Far away, in the wide ocean there was once a green island where lived
the most beautiful princess in the world, named Miranda. She had lived
there ever since her birth, and was queen of the island. Nobody knew who
were her parents, or how she had come there. But she was not alone; for
there were twelve beautiful maidens, who had grown up with her on the
island, and were her ladies-in-waiting.

But a few strangers had visited the island, and spoken of the princess's
great beauty; and many more came in time, and became her subjects, and
built a magnificent city, in which she had a splendid palace of white
marble to live in.

And in course of time a great many young princes came to woo her. But
she did not care to marry any of them; and if anyone persisted, and
tried to compel her by force to be his wife, she could turn him and all
his soldiers into ice, by merely fixing her eyes upon them.

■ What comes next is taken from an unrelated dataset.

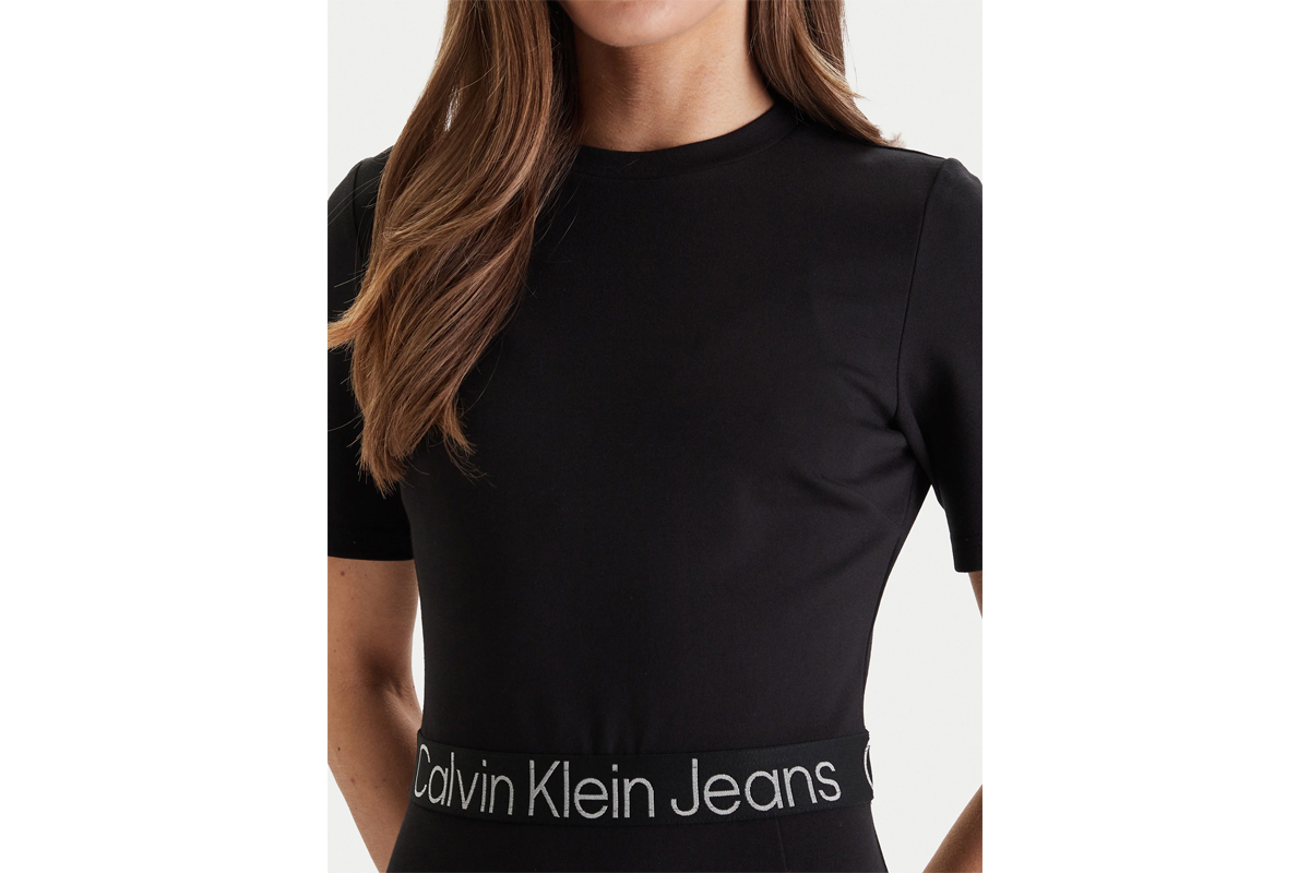 Η στρογγυλή λαιμόκοψη και τα κοντά μανίκια δημιουργούν καθαρές και κομψές γραμμές, ενώ το διακριτικό λογότυπο Calvin Klein Jeans στη μέση ολοκληρώνει το μίνιμαλ στυλ.

One day the wicked Kosciey,[2] the king of the Underground realm, came
out into the upper world, and began to gaze all round it with his
telescope. Various empires and kingdoms passed in review before him; and
at last he saw the green island, and the rich city upon it; and the
marble palace in this city, and in this palace the twelve beautiful
young ladies-of-honour, and among them he beheld, lying on a rich couch
of swansdown, the Princess Miranda asleep. She slept like an innocent
child, but she was dreaming of a young knight, wearing a golden helmet,
on a gallant steed, and carrying an invisible mace, that fought of
itself; ... and she loved him better than life.

[2] Kosciey pronounced Kosh-che-eh, literally "Boney."

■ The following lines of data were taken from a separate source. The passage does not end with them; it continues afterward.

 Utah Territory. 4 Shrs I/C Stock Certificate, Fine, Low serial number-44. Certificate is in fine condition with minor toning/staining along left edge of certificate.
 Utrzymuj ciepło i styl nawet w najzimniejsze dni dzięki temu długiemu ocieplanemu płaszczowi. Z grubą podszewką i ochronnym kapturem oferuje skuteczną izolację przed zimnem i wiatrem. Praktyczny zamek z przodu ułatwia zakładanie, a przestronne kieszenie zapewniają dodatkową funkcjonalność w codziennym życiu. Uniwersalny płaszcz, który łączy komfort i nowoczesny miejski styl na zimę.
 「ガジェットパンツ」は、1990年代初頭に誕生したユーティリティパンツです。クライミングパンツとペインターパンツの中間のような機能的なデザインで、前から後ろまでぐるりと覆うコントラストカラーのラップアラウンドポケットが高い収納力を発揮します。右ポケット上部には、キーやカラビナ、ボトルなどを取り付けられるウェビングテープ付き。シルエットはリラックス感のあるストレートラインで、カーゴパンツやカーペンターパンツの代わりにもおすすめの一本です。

Kosciey looked at her; he was delighted with her beauty; he struck the
earth three times, and stood upon the green island.

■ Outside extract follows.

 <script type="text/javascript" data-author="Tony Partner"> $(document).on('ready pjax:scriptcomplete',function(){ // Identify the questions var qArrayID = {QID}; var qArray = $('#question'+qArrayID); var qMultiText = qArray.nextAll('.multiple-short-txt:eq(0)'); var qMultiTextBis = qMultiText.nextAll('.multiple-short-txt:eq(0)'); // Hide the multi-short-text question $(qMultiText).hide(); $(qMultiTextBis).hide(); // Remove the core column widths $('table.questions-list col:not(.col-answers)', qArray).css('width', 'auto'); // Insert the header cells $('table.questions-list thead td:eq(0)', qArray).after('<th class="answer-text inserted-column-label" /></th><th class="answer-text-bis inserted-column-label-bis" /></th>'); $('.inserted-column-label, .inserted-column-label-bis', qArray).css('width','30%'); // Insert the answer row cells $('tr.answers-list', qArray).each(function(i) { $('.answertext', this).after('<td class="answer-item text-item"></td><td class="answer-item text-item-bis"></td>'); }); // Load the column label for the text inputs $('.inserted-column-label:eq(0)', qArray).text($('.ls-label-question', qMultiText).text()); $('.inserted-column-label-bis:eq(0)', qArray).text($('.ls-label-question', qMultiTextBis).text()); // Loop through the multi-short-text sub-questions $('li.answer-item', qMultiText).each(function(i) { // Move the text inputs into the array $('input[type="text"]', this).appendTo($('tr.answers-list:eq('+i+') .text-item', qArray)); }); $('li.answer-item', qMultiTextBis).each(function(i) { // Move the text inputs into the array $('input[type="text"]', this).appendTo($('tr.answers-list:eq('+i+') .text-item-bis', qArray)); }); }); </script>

Princess Miranda called together her brave army, and led them into the
field, to fight the wicked Kosciey. But he, blowing on them with his
poisonous breath, sent them all fast asleep, and he was just going to
lay hands upon the princess, when she, throwing a glance of scorn at
him, changed him into a lump of ice, and fled to her capital.

Kosciey did not long remain ice. So soon as the princess was away, he
freed himself from the power of her glance, and regaining his usual
form, followed her to her city. Then he sent all the inhabitants of the
island to sleep, and among them the princess's twelve faithful damsels.

She was the only one whom he could not injure; but being afraid of her
glances, he surrounded the castle--which stood upon a high hill--with an
iron rampart, and placed a dragon with twelve heads on guard before the
gate, and waited for the princess to give herself up of her own accord.

The days passed by, then weeks, then months, while her kingdom became a
desert; all her people were asleep, and her faithful soldiers also lay
sleeping on the open fields, their steel armour all rusted, and wild
plants were growing over them undisturbed. Her twelve maidens were all
asleep in different rooms of the palace, just where they happened to be
at the time; and she herself, all alone, kept walking sadly to and fro
in a little room up in a tower, where she had taken refuge--wringing her
white hands, weeping, and her bosom heaving with sighs.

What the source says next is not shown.